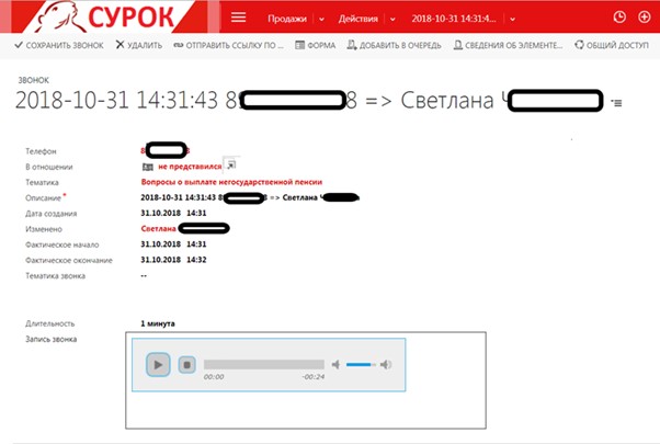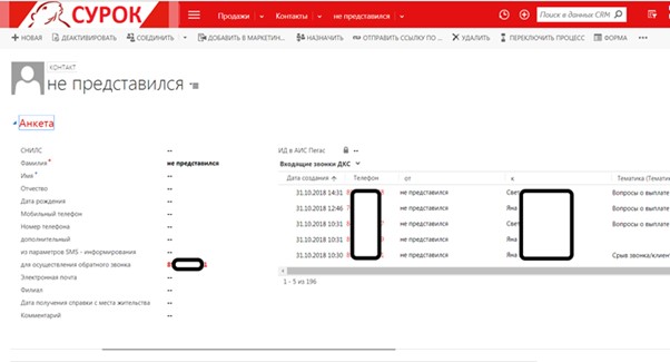 - сотрудники фонда могут в один клик звонить клиентам прямо из интерфейса CRM;
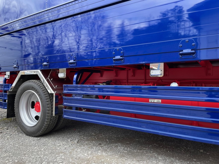 拘りは細部まで見え、リヤステップもブルーに。その上から縞鋼板が貼られてます。
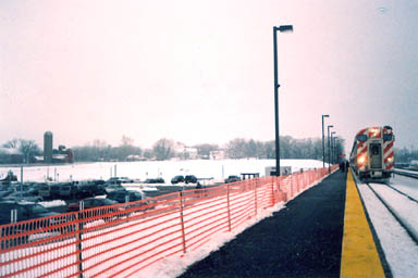 A Union Pacific West Line Metra train at Elburn, during the first week of operation of the extension beyond Geneva, January 2006. The barn to the left indicates the rural character of the area at the time of the extension. But that farm had closed, and would later be replaced with new suburban construction.

━━━━━━━━

§ Problem:
Please restate the material above line by line, exactly, beginning at its first line and ending with the line that contains "拘りは細部まで見え、リヤステップもブルーに。その上から縞鋼板が貼られてます。", without any pictures.

§ Your solution:
 - сотрудники фонда могут в один клик звонить клиентам прямо из интерфейса CRM;
 拘りは細部まで見え、リヤステップもブルーに。その上から縞鋼板が貼られてます。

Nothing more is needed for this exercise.